Proposed Changes to The Medical Treatment Utilization Schedule.  As we all know, as part of the workers’ compensation reforms in 2004, the legislature enacted Labor Code section 5307.27, which requires the administrative director to adopt a medical treatment utilization schedule (MTUS). Labor Code section 4600(b) provides that, until the MTUS is adopted, reasonableness of medical treatment is governed by the American College of Occupational and Environmental Medicine (ACOEM) guidelines. In March, the Division of Workers' Compensation posted proposed regulations to update the MTUS, and invited comments from the public. The comment period ended on April 8.

 According to a March 25, Newsline by the DWC, the proposed regulations include new definitions of terms, create a new grading methodology for evaluating medical evidence designed “to insure that treatment received by injured workers is current and consistent with advances in scientific medical evidence”, streamline utilization-review procedures, and require the DWC to post evidence reviews to assist utilization-review physicians and qualified medical evaluators to evaluate the quality of evidence supporting medical treatment requests.

 The DWC received 36 comments responding to the proposed regulations, from doctors, insurance company representatives, attorneys and others. Only one wholeheartedly endorsed the regulations as proposed. Of the rest, most expressed concern that the proposed regulations create uncertainty about the standard of care to be used to evaluate medical treatment, in that the regulations do not adopt one clear standard. Many also expressed confusion about whether or not ACOEM would still be a relevant standard. Many also expressed concerns that the new guidelines would result in delay of treatment to injured workers.

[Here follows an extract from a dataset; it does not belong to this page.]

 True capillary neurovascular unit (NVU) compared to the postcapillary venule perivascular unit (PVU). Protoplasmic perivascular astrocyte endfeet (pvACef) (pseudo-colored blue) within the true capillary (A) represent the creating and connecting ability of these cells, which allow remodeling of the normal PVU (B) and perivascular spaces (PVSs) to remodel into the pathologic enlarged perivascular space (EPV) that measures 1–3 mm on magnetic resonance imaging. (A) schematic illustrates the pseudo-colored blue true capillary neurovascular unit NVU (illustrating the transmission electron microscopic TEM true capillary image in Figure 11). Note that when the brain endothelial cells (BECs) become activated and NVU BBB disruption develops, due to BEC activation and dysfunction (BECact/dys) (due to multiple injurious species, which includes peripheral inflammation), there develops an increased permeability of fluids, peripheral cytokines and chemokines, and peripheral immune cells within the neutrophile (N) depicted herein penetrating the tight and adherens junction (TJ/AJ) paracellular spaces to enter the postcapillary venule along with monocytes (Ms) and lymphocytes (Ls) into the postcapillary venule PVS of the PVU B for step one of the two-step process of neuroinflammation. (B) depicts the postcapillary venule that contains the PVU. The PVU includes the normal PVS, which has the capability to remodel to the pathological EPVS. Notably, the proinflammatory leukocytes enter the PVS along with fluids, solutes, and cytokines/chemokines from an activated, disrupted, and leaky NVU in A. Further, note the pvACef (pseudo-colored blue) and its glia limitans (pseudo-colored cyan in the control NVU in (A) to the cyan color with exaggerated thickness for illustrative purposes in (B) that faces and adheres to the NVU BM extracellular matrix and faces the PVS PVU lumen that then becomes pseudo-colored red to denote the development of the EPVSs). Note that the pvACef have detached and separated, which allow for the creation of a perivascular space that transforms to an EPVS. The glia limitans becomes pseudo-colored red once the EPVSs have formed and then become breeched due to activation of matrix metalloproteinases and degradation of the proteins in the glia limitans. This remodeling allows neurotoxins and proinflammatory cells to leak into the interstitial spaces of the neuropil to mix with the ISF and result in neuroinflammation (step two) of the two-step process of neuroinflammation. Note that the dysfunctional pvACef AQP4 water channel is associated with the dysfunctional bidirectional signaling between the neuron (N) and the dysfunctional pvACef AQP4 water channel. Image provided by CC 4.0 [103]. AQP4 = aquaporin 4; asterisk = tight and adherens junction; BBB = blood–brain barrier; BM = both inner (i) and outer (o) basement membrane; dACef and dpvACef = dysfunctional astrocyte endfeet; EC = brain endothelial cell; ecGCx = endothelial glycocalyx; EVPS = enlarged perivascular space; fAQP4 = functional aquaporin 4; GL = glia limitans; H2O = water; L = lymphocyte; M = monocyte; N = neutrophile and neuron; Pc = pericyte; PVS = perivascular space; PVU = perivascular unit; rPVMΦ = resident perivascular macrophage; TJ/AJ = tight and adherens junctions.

We applaud the DWC’s efforts to adopt appropriate medical treatment guidelines which ensure that medical standards are kept up to date. However, judging from the almost universally negative public response, it appears these regulations are still a work in procrss. We hope that the DWC will consider the public comments and use them to clarify the proposed regulations.

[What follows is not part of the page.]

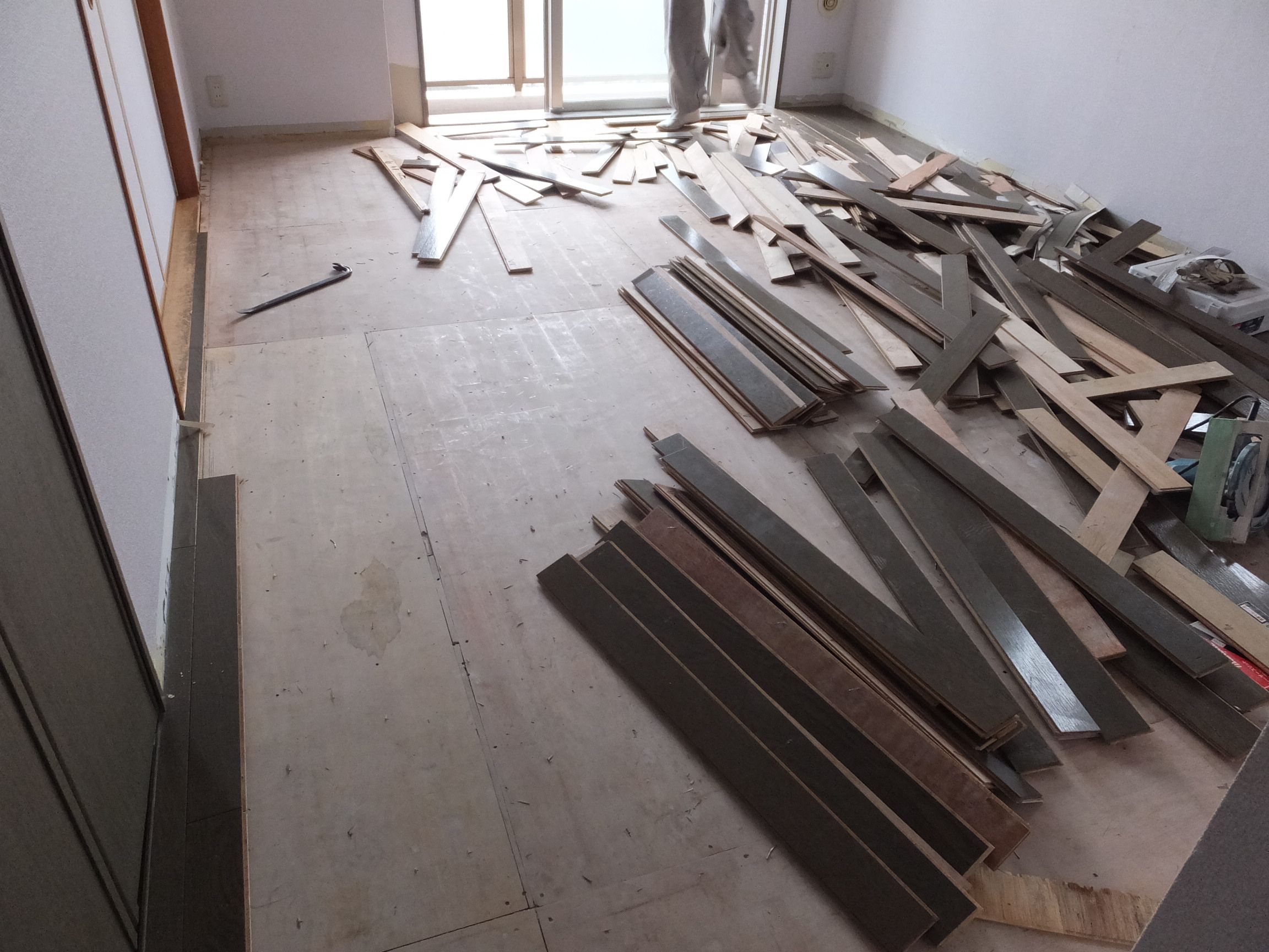 既存のフローリングは一列ごとのセパレートなタイプ。施工1本1本貼るので手間がかかります~。♪

Update on Almaraz/Guzman.  The separate appeals of the WCAB’s decision to the Fifth District Court of Appeal (Almaraz) and the Sixth District Court of Appeal (Guzman) have been pending since October, 2009. Recent developments give us hope that we may be close to a decision, at least in the Guzman case.

Within the last three weeks, additional amicus briefs were filed in the Guzman case and submitted for filing in the Almaraz case. In Guzman, the California Applicants' Attorneys Association filed an amicus brief in support of the applicant on March 25. The California Society for Industrial Medicine and Surgery (CSIMS) also submitted an amicus brief in support of the applicant on March 29, which was accepted for filing on April 5. The California Society of Industrial Medicine and Surgery similarly petitioned to file an amicus brief in Almaraz on April 1, but the court has not yet ruled on whether the brief will be accepted. Of even more significance, the Guzman court asked the parties in March whether they wished to present oral argument. Counsel for the defense has requested oral argument, and we expect it will be scheduled in the next 30 to 60 days.

Usually, oral argument is the last step before the case is deemed submitted, and a decision follows not long thereafter. It is encouraging that the case has progressed to this point, and we look forward to receiving the Court’s decision soon. We remain hopeful that the decision, when it comes, will provide the workers’ compensation community with clearer guidelines for assessment of permanent disability.